Harvard’s Joint Center for Housing Studies said on Monday that Layton will be a senior fellow focused on housing finance reform. In the same announcement, Harvard said Michael Stegman, a top advisor on housing policy for the Obama administration, will serve as a senior fellow with the same focus.

The appointment of the two men comes at a momentous time for the nation’s housing finance system, said Chris Herbert, the Joint Center’s managing director. The Trump administration says it’s on the verge of releasing its plan for administrative and legislative reforms of housing policy. Meanwhile, the newly appointed FHFA Director Mark Calabria has indicated that he intends to take steps to release Fannie Mae and Freddie Mac from conservatorship as soon as practicable.

“Skeptics of the prospect for significant change in the near-term can rightly point to the failure of the political system to tackle this issue over the past decade as the best predictor of a continued stalemate,” Herbert said. “But if nothing else, actions by the Trump administration have already stirred a renewed discussion of policy options that may well shape the approaches ultimately adopted. Through our fellows, the Center intends to contribute to this critically important debate.”
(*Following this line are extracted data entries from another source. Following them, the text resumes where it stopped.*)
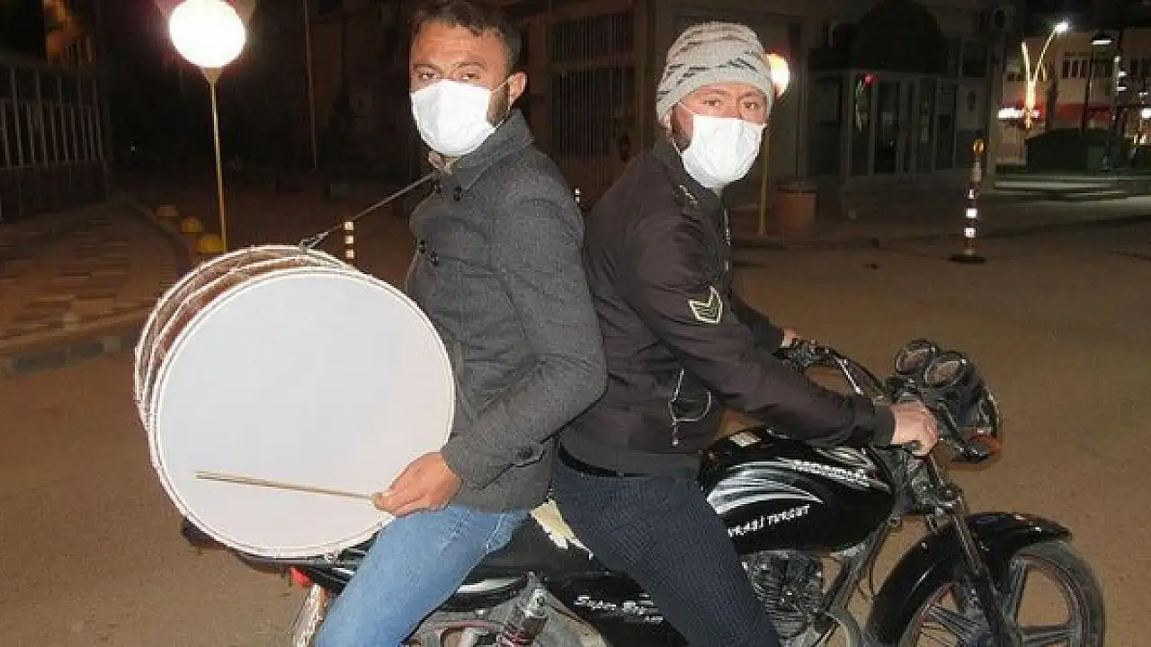 Afyonkarahisar Sandıklı'da motorize ekipler halinde görev yapan ramazan davulcuları, 'Eller çok yıkanacak, dirseğe hapşırılacak, sarılmak öpüşmek yok, sadece uzaktan bakılacak' gibi manilerle oruç tutmak isteyen vatandaşları sahura kaldırıyor.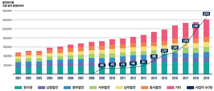 2001년에는 발전시장에 10개의 발전사업자가 존재했다. 2020년 기준 4000개를 돌파해 2001년 대비 400배로 늘었다. 그중 신재생에너지 발전 사업자가 97%인 3868개를 차지한다. 발전사업자는 폭발적으로 늘어난 데 비해 이를 전기사용자에게 제공하는 판매사업자는 여전히 한전 1개뿐이다.
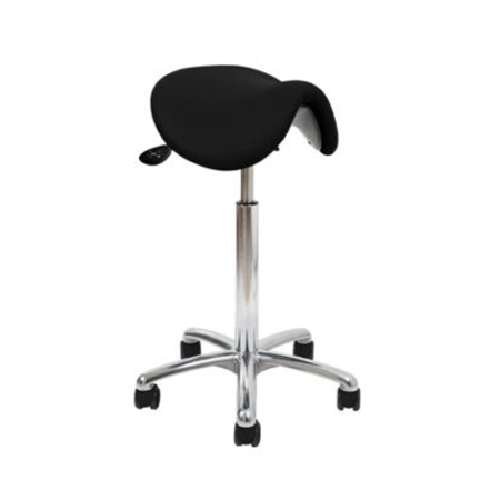 VELA Samba Medical 400 er en ergonomisk klinikstol, der er særligt velegnet til arbejde i behandlermiljøer, hvor behandler og assistent skal kunne sidde tæt på patienten og samtidig bevare en sund arbejdsstilling. Stolen har et anatomisk formet sadelsæde, som understøtter en åben hoftevinkel og en naturlig, rank siddestilling med svaj i ryggen. Det bidrager til at forebygge foroverbøjede arbejdsstillinger og mindsker belastningen af ryg og skuldre i løbet af arbejdsdagen.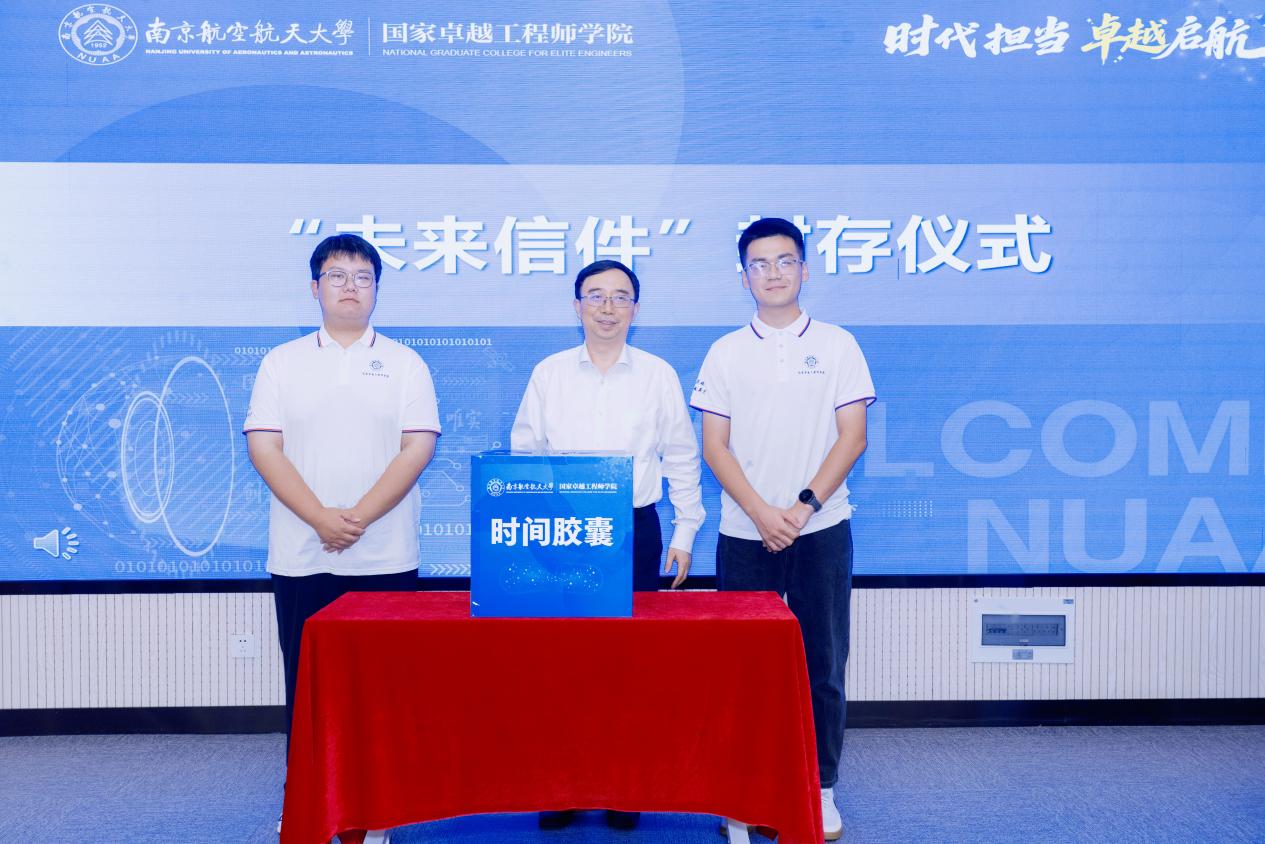开学前,学院为每位新生定制信封与信纸,同学们郑重写下对学成后的期盼,投入了“时间胶囊”信箱中。典礼现场,姜斌与学生代表共同将满载愿景的时间胶囊封存。这份特殊的青春礼物,既承载着学子初心,也寓意着在时间中坚守、在耕耘中成长,期待未来开启时与更好的自己重逢。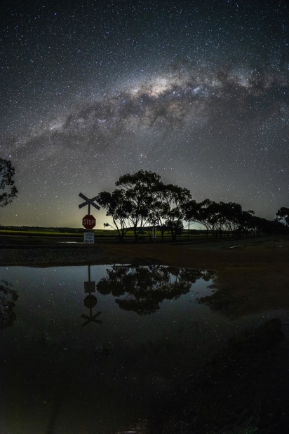A train stop sign stands firm beneath the Milky Way in York, WA. A simple reminder that while the universe stretches endlessly, even the smallest signals shape our journey on Earth.

Layton, who led the second-largest mortgage financier since 2012, graduated from Harvard Business School in 1974 after getting two degrees in economics from M.I.T. in 1972. Stegman received degrees in city and regional planning from the University of Pennsylvania in the 1960s. He held positions at the Department of Housing and Urban Development and the U.S. Treasury before becoming a senior policy advisor for housing in the Obama White House.

Freddie Mac said in March that Layton would retire on July 1, the same day Harvard made the announcement about the new fellows. David Brickman, who has been Freddie Mac’s president for the past year, took over the CEO role from Layton. 

Layton “has spent the last seven years of his 40-year career in the financial services industry, leading Freddie Mac through a period of fundamental reform and so has a unique and authoritative understanding about the operations of these enterprises and how different policy proposals could play out in practice,” Herbert said. 

Stegman’s role may include dissecting the various housing policies that come up as Democrats pick their nominee for the 2020 election, Herbert said.

“Given Mike’s long history more broadly in U.S. housing policy, he will also use his fellowship to comment on important housing policy discussions being spurred in part by proposals by Democratic candidates for president,” Herbert said.